|
For interpolation (just to be clear, not regression, i.e. interpolation means the curve has to pass through every point in the data exactly), polynomial interpolation gives a unique polynomial of lowest possible degree [1]; I'm not sure a NN would have fewer parameters than this for interpolation, strictly speaking. To your point, I believe you meant "rough interpolation", and it's true in many cases NN's might produce a less overfitted approximating function if one has no prior knowledge of the generating function. But if one can exploit prior knowledge, one can select an optimal set of basis functions and fit a more parsimonious model than a NN. For instance, if you knew that a nonlinear function was a function of sin, cos and logs, selecting these as basis functions and finding the correct functional form [2] would likely help an optimizer find more parsimonious model than a NN using standard activation functions (ReLU, sigmoid, etc). As a thought experiment, suppose the generating function was this: (5 parameters) y = a1*log(a2*x)/cos(a3*x) + a4*sin(a5*x)

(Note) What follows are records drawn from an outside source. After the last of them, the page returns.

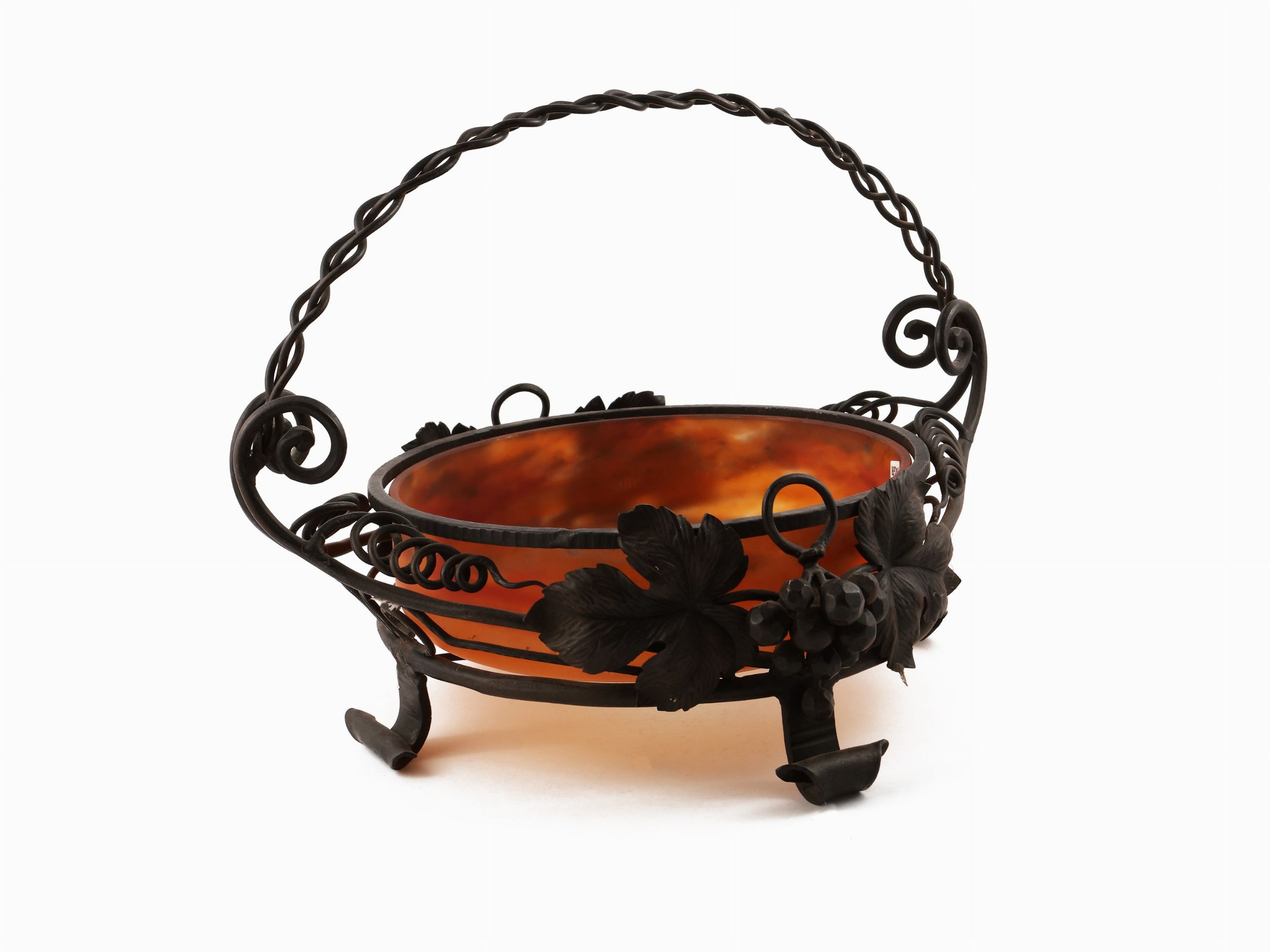 Francia, 1930 circa in vetro nuvolato sui toni dell'arancio entro intelaiatura in ferro battuto a forma di cesto. Firma sul corpo Muller Frères Luneville.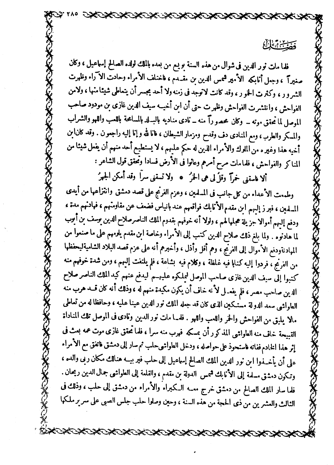 فلما مات نُورُ الدِّينِ فِي شَوَّالٍ مِنْ هَذِهِ السَّنَةِ بُويِعَ مِنْ بَعْدِهِ بِالْمُلْكِ لِوَلَدِهِ الصَّالِحِ إِسْمَاعِيلَ، وَكَانَ صَغِيرًا، وَجَعَلَ أَتَابِكَهُ الْأَمِيرَ شَمْسَ الدِّينِ بن مقدم، فاختلف الأمراء وحادت الآراء وظهرت الشرور، وكثرت الخمور، وقد كانت لا توجد في زمنه ولا أحد يجسر أن يتعاطى شيئا منها، ولا من الفواحش، وانتشرت الفواحش وظهرت حَتَّى إِنَّ ابْنَ أَخِيهِ سَيْفَ الدِّينِ غَازِيَّ بن مودود صاحب الموصل لما تحقق موته- وَكَانَ مَحْصُورًا مِنْهُ- نَادَى مُنَادِيهِ بِالْبَلَدِ بِالْمُسَامَحَةِ باللعب واللهو والشراب والمسكر والطرب، ومع المنادي دف وقدح ومزمار الشيطان، ف إِنَّا لِلَّهِ وَإِنَّا إِلَيْهِ راجِعُونَ 2: 156. وَقَدْ كَانَ ابْنُ أَخِيهِ هَذَا وَغَيْرُهُ مِنَ الْمُلُوكِ وَالْأُمَرَاءِ الَّذِينَ لَهُ حُكْمٌ عَلَيْهِمْ، لَا يَسْتَطِيعُ أَحَدٌ مِنْهُمْ أَنْ يَفْعَلَ شَيْئًا مِنَ الْمُنَاكِرِ وَالْفَوَاحِشِ، فَلَمَّا مات مرح أَمْرُهُمْ وَعَاثُوا فِي الْأَرْضِ فَسَادًا وَتَحَقَّقَ قَوْلُ الشَّاعِرِ: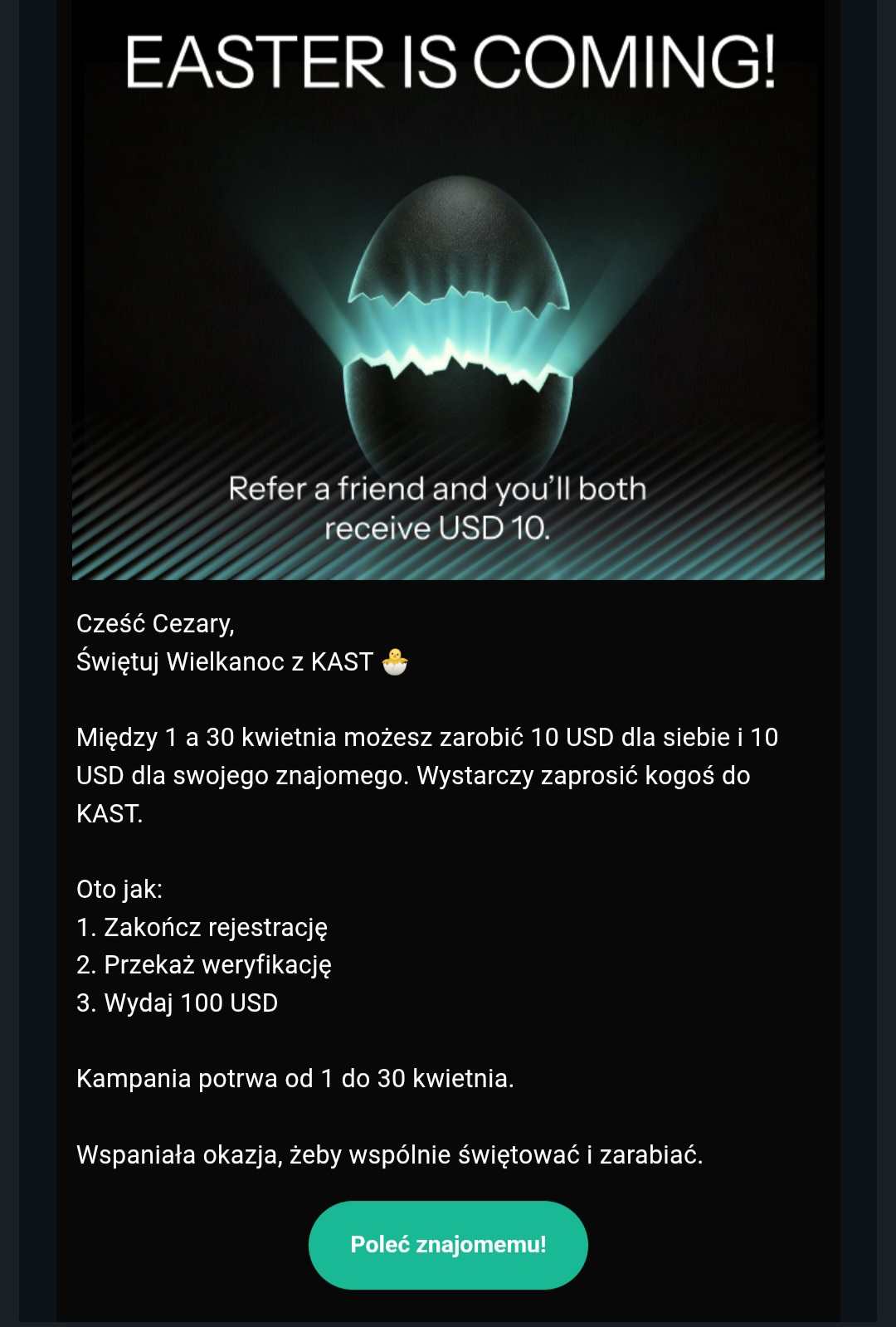 1. WIELKANOCNA PROMOCJA KAST ZARÓB RAZEM ZE ZNAJOMYM Tylko od 1 do 30 kwietnia Oboje otrzymujecie po 10 USD! Jak to działa? Zarejestruj się w KAST Z69NIRX8 Link: https://go.kast.xyz/VqVO/Z69NIRX8 Czysty: https://www.kast.xyz/ Przejdź weryfikację (KYC) Wydaj minimum 100 USD darmową kartą wirtualną Zaproś znajomego i zgarnijcie nagrodę razem! Idealna okazja, żeby świętować Wielkanoc i jednocześnie zarobić Poleć znajomemu już teraz!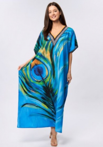 Оптовая продажа. Туника пляжная свободного силуэта с короткими рукавами. V-образный вырез в области декольте. Обхват груди регулируется шнурком. Туника украшена принтом.
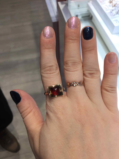 Очень красивое кольцо! Получила его подарок от любимого мужа! Я давно мечтала о кольце с камнем и это всё, что я хотела, нежно смотрится и дорого!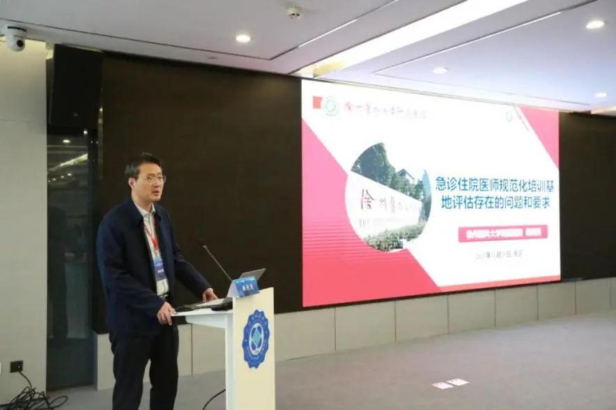 其后,分别由江苏省人民医院教育处处长朱滨海做《有效执行住培两个新版标准的改进策略》专题讲座;南通市第一人民医院陈建荣教授做《急诊教学师资队伍的建设、管理与考核》专题讲座;南通大学附属医院黄中伟教授做《强化过程管理,提升教学质量》专题讲座;苏州大学附属第一医院徐峰教授做《在带教工作中如何锻炼急诊住院医师的临床思维》专题讲座;江苏省中医院芮庆林教授做《急诊临床技能培训的实施》专题讲座;常熟市第一人民医院陈波教授做《急诊科住院医师医学人文素养的培养》专题讲座;泰州市人民医院顾彬教授做《急诊教学门诊的设计与实施》专题讲座;江苏省人民医院陈旭锋教授做《急诊专业住院医师的培训和考核相关标准》专题讲座;江苏省人民医院康健教授做《PBL、CBL教学在急诊带教中的应用》专题讲座;常州市第一人民医院王大明教授做《如何提高急诊住院医师的医患沟通能力》专题讲座;江苏大学附属医院任国庆教授做《急诊结业考核的应对和提升》专题讲座;东部战区总医院张炜教授做《分层递进式教学的实施》专题讲座;淮安市第一人民医院孙虹教授做《课程设计与授课技巧》专题讲座;南京鼓楼医院王军教授做《如何引导急诊住院医师进行临床科研设计》专题讲座;无锡市第二人民医院屠苏教授做《关注急诊住培医师的身心健康》专题讲座;苏州大学附属第二医院朱建军教授做《如何构建急诊住院医师培训精品课程》专题讲座;南京市第一医院秦海东教授做《如何准备教学查房》专题讲座。

If one attempted to fit this with log, cos and sin basis functions, one is likely recover this form with ~5 parameters. But suppose we tried to fit this with an NN with the stipulation that the approximation error is under some ε -- I suspect we'll need quite a bit more than 5 parameters.NN's tend to generalize better (assuming proper regularization) than polynomial approximations and have fewer numerical problems like Runge's phenomenon, but I don't think NNs aim for (or have results that demonstrate) parsimony in parameters. [1] https://en.wikipedia.org/wiki/Polynomial_interpolation [2] If the functional form is unknown, there are techniques like "symbolic regression" that attempt to do a structure search to find a well-fitting structure. https://en.wikipedia.org/wiki/Symbolic_regression |